Consider the impact of this for situations where you you might use the idea of promiscuous copying to maintain the availability of data. Promiscuous copying relies on two things, lots of copies being made and lots of copies being available. Without the necessary licensing in place there is no mechanism with which to compel those who have copies to make those available. Public Domain means, by definition, no restriction – that means I can lock it away again.

Copyleft is just one position along a spectrum where ‘locked away’ and ‘free as a bird’ sit at each end. What the web shows us is that other business models form crucial parts of the eco-system. Epstein picks up on the controlling aspect of Boyle’s argument:

They can control their list of subscribers; give them each passwords; charge them based on the amount of the information that is used, or some other agreed-upon formula; and require them not to sell or otherwise transfer the information to third parties without the consent of the data base owner.
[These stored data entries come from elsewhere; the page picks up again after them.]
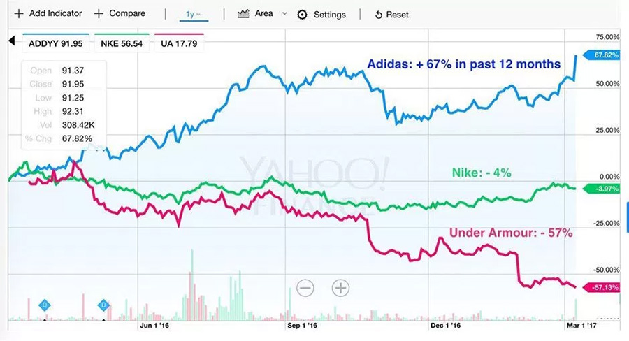 Nike 不断提升款式、货量和发售频次,另外一个重要原因也是因为 adidas 的全面崛起。
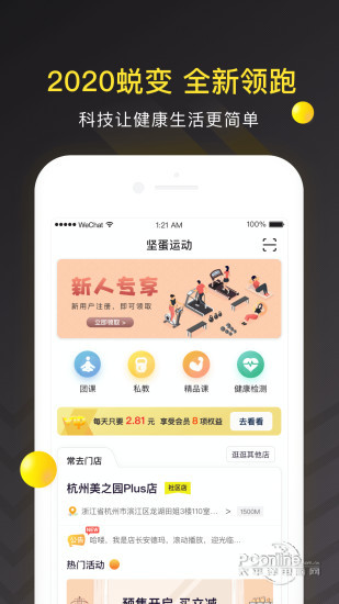 【坚蛋运动,科技让健康更简单】坚蛋运动是微柠科技旗下的一个数据驱动、场景创新的互联网智能健身平台,首创互联网+智能健身S2b2c新型社会化协同网络的商业模式,打造“月付139元”、 “社区型”、“24h运营”、“智能化”、“零推销”的智能健身房模式!2019年全国品牌布局25大省份,150+城市区域,2020年将覆盖全国市场,开业门店达200家。 核心特色:【附近门店查询,即刻健身】智能定位,为你推荐附近门店列表,打造15分钟健身圈,24小时健身房。【课程一键预约,省时省力】团操课程、精品课程一键预约,定时开课,颠覆传统选课模式。【私教信息透明,随心选择】私教信息全方位透明,简历、特长、评价、课程一览无余,总有一款适合你!【扫码进店健身,全程自助】 APP扫码进店、课程签到,全程自助,拒绝推销,只为健身。
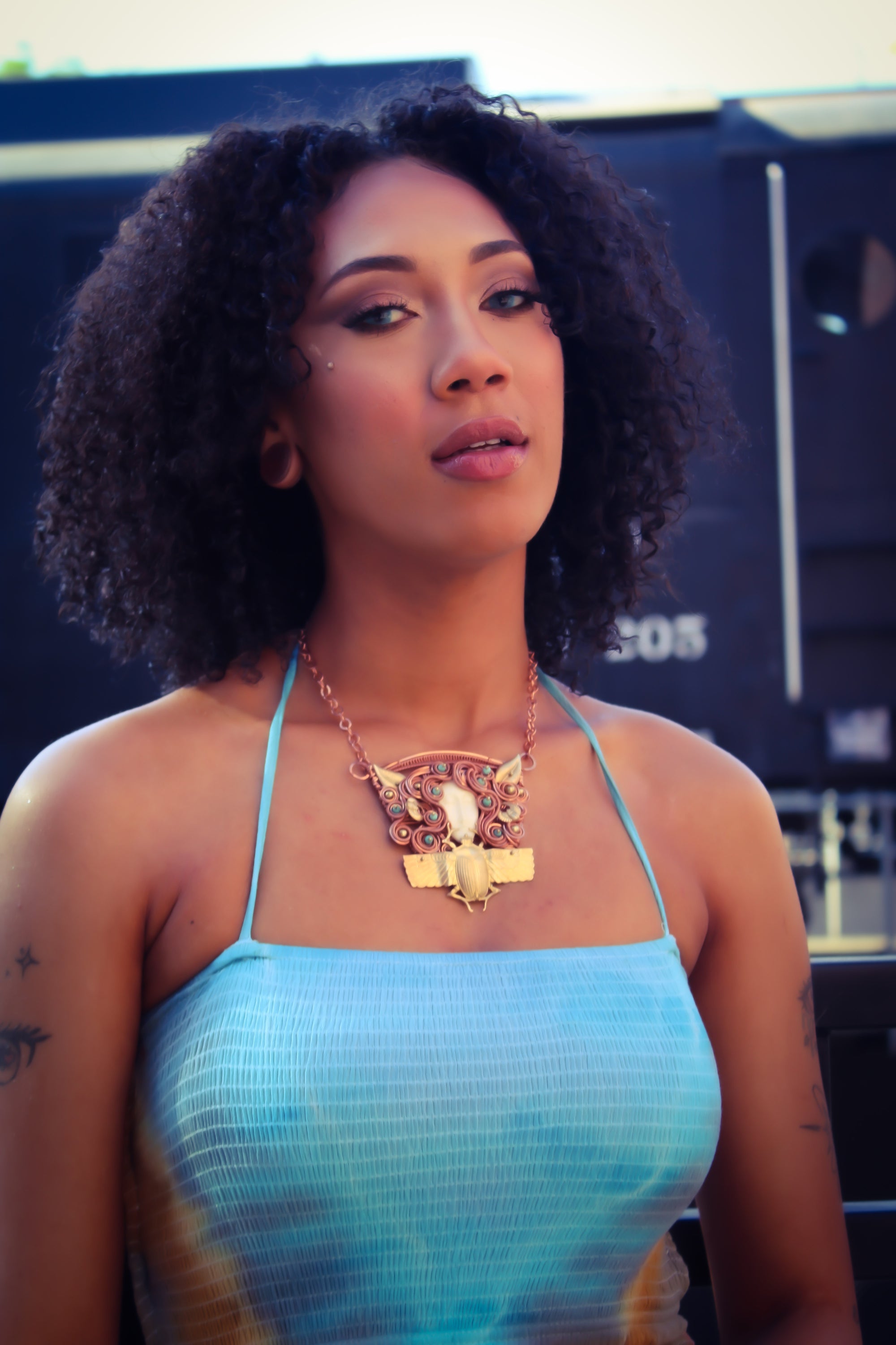 This necklace is absolutely beautiful, very unique, and very intricate. The goddess face is made from hand carved Buffalo bone. The beetles are brass. The beads are Kingman Turquoise. It's set in Copper. It's been oxidized and polished for an antiqued look.

Imagine if this were true of Copyright material on the web? It has been, and still is on the occasional site. But mostly copyright owners are starting to see the value of publishing content online and they are underpinning the delivery of that content to consumers with other business models. Without Copyright the types of business that could participate would be reduced.

Epstein goes on to say:

The contractual solution is surely preferable, because general publication will allow for use by others that may not offend the copyright law, but which will block the possibility of payment for the costly information that is supplied.

And again, the very heart of the matter. If we are to encourage those who have large databases to make them open, to post them on the Semantic Web, we must provide them with models and solutions that are preferable to technical barriers and restrictive contracts. Allowing them to pick their own position on the spectrum seems to me to be a necessity in that. You can see any form of protection in two lights. When Boyle says

They make inventors disclose their inventions when they might otherwise have kept them secret.

I say

They allow inventors to disclose their inventions when they might otherwise have had to keep them secret.

That’s why we’ve invested in a license to do this, properly, clearly and in a way that stays Open.

Rob Styles is Programme Manager for Data Services at Talis, a UK company building Semantic Web technologies. Rob Styles is not a lawyer.